Czy jako organizatorzy posiadacie świadectwa osób, które już Adoracyjną Miejską Drogę Krzyżową zrealizowały?
Reklama
Pojawiały się bardzo często i dawały przysłowiowy wiatr w żagle. Zachęcały one do tego, aby w tym dziele trwać nadal, przygotowywać następne stacje i planować kolejne lata. Mieliśmy dużo głosów, żeby odkrywać kolejne miejsca we Wrocławiu i wypełniać je adoracją. Czasem były to podpowiedzi techniczne, gdzie np. umieścić tabliczkę ze stempelkiem. Trafiały się czasem świadectwa w dość nieoczekiwanym momencie.
Na przykład?
Pojechałem na adorację do kościoła, który był w zupełnie innym miejscu niż miejsce mojego zamieszkania. Była to parafia św. Franciszka z Asyżu. Panujący półmrok pozwolił mi dostrzec starsze małżeństwo. Mąż żonie świecił małą latarką na kartki naszego przewodnika stacyjnego, a ona szeptem czytała mu rozważania. Ten widok bardzo mnie poruszył, ponieważ było to świadectwo wyrażone postawą, a nie słowami. Spotkanie się z kimś, kto trzyma te same modlitwy, co ja, tworzy pewną duchową wspólnotę. I to jest bardzo mocne doświadczenie jedności.

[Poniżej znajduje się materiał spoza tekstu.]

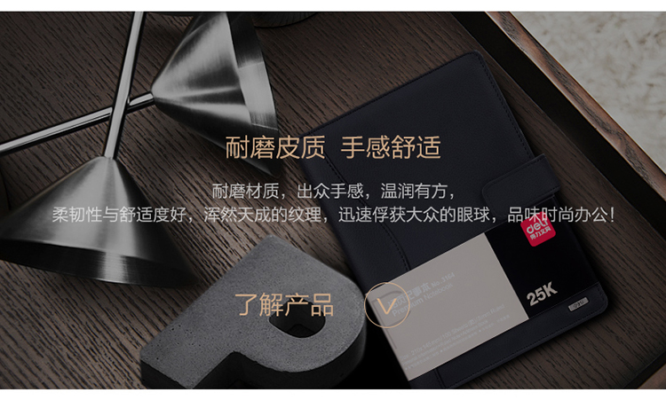 商品名称:得力(deli)3164 25K/100页6孔商务活页皮面本/办公记事本笔记本子 雅士黑

Czyli warto wziąć udział...
Zachęcamy do podjęcia wysiłku przemierzania Adoracyjnej Miejskiej Drogi Krzyżowej, nawet w pandemii koronawirusa. Jak się okazuje, szczególnie w tym roku taka forma nabożeństwa jest dopasowana do realiów, w których żyjemy. AMDK kilka lat temu przewidziała w swojej formule wszelkie reżimy sanitarne, które są od nas dzisiaj wymagane.